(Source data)
┌──
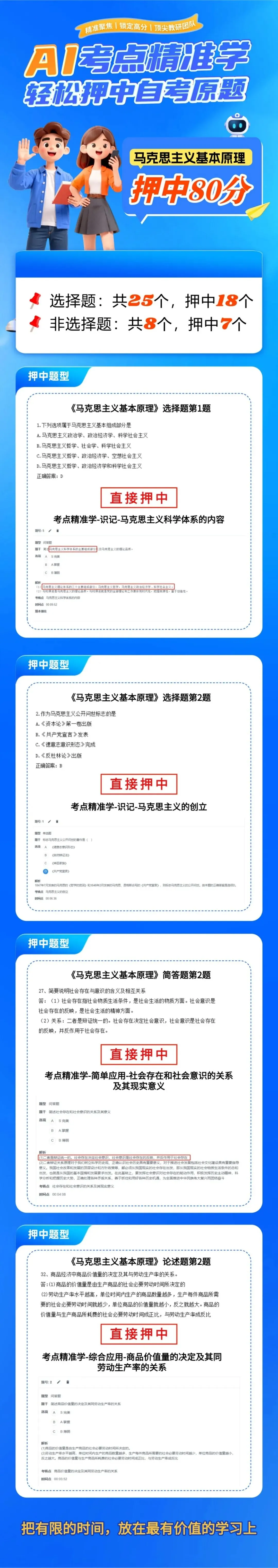 AI系统深度挖掘近十年自考真题,整合海量考试数据,通过复杂算法拆解命题规律、考点频次,结合最新教学大纲调整,精准锁定高频考点、必考考点,过滤90%无用内容。不用再整本啃书,不用再盲目刷题,把时间花在“必考点”上,备考效率直接拉满。
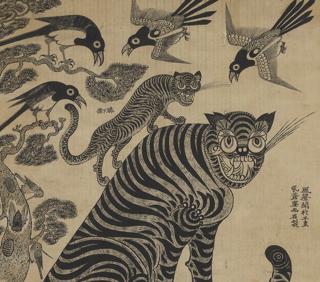 În cultura coreeană, tigrul este mai mult decât un prădător fioros – este adesea reprezentat în moduri inedite și expresive, uneori chiar amuzante. În picturile hojakdo (tigru și coțofana), tigrul apare zâmbind, mirat sau chiar puțin nedumerit, reflectând o combinație de înțelepciune, umor și blândețe. Această viziune diferă radical de imaginea clasică a tigrului ca simbol pur de forță și agresivitate.
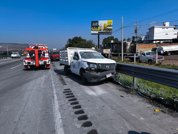 De acuerdo con los primeros reportes, el conductor de una camioneta que transportaba bultos de cal perdió el control del volante. En cuestión de segundos, la unidad se impactó contra la barra de contención.
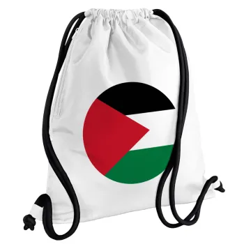 Σημαία Παλαιστίνης, Τσάντα πλάτης πουγκί GYMBAG λευκή, με τσέπη (40x48cm) & χονδρά κορδόνια
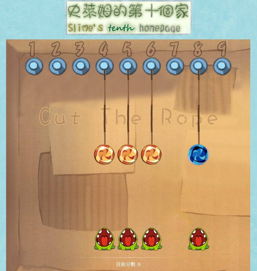 用 JavaScript 打造的小遊戲,在15秒內盡可能地切斷繩子讓小怪物吃到糖果,避免切到有毒的糖果,支援鍵盤數字操作。
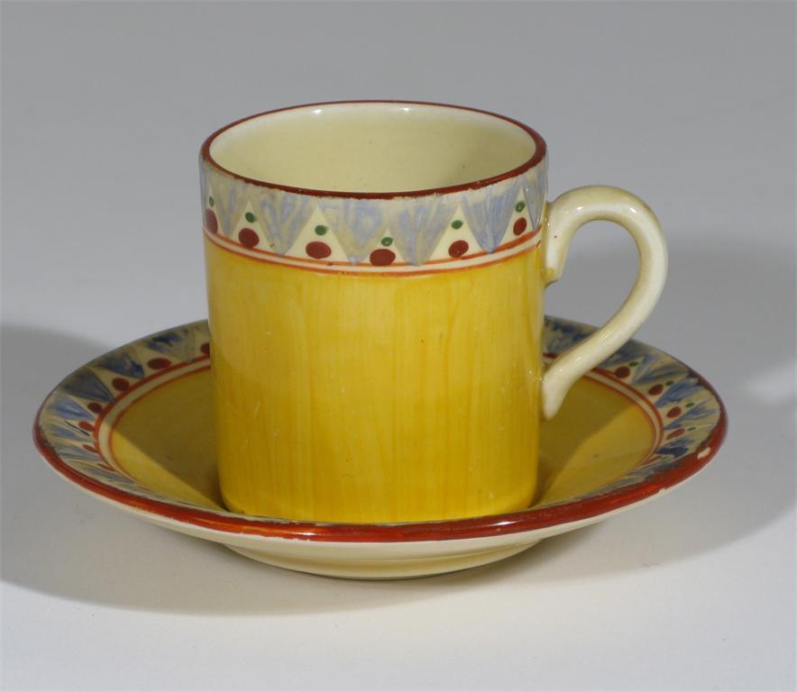 'Original Bizarre' a Clarice Cliff Tankard coffee can and saucer painted with a simple band of...
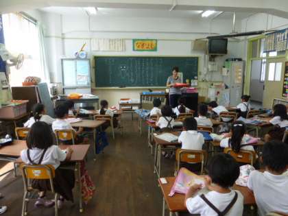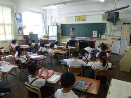1年生の教室での様子です。夏休み中のくらしについての注意を聞き、プリントを配ってもらっていました。
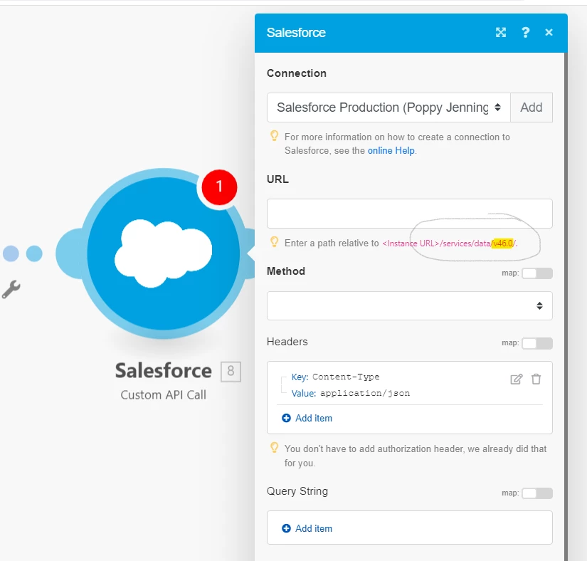 When I open the Salesforce Custom API Call module the endpoint is set to "Enter a path relative to <Instance URL>/services/data/v46.0/."
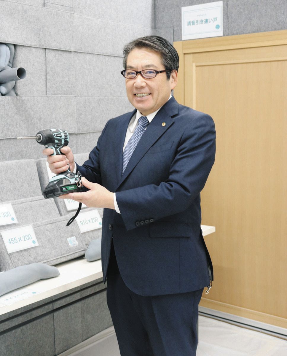 工事現場の消音仮設壁の前で施工時の振動・騒音を抑えるサイレントシステムのドライバーを紹介する高木一昌社長=東京都豊島区で
└──
**Task requirements**
Could you write out the records again exactly, omitting each image?

**Task response**
 AI系统深度挖掘近十年自考真题,整合海量考试数据,通过复杂算法拆解命题规律、考点频次,结合最新教学大纲调整,精准锁定高频考点、必考考点,过滤90%无用内容。不用再整本啃书,不用再盲目刷题,把时间花在“必考点”上,备考效率直接拉满。
 În cultura coreeană, tigrul este mai mult decât un prădător fioros – este adesea reprezentat în moduri inedite și expresive, uneori chiar amuzante. În picturile hojakdo (tigru și coțofana), tigrul apare zâmbind, mirat sau chiar puțin nedumerit, reflectând o combinație de înțelepciune, umor și blândețe. Această viziune diferă radical de imaginea clasică a tigrului ca simbol pur de forță și agresivitate.
 De acuerdo con los primeros reportes, el conductor de una camioneta que transportaba bultos de cal perdió el control del volante. En cuestión de segundos, la unidad se impactó contra la barra de contención.
 Σημαία Παλαιστίνης, Τσάντα πλάτης πουγκί GYMBAG λευκή, με τσέπη (40x48cm) & χονδρά κορδόνια
 用 JavaScript 打造的小遊戲,在15秒內盡可能地切斷繩子讓小怪物吃到糖果,避免切到有毒的糖果,支援鍵盤數字操作。
 'Original Bizarre' a Clarice Cliff Tankard coffee can and saucer painted with a simple band of...
1年生の教室での様子です。夏休み中のくらしについての注意を聞き、プリントを配ってもらっていました。
 When I open the Salesforce Custom API Call module the endpoint is set to "Enter a path relative to <Instance URL>/services/data/v46.0/."
 工事現場の消音仮設壁の前で施工時の振動・騒音を抑えるサイレントシステムのドライバーを紹介する高木一昌社長=東京都豊島区で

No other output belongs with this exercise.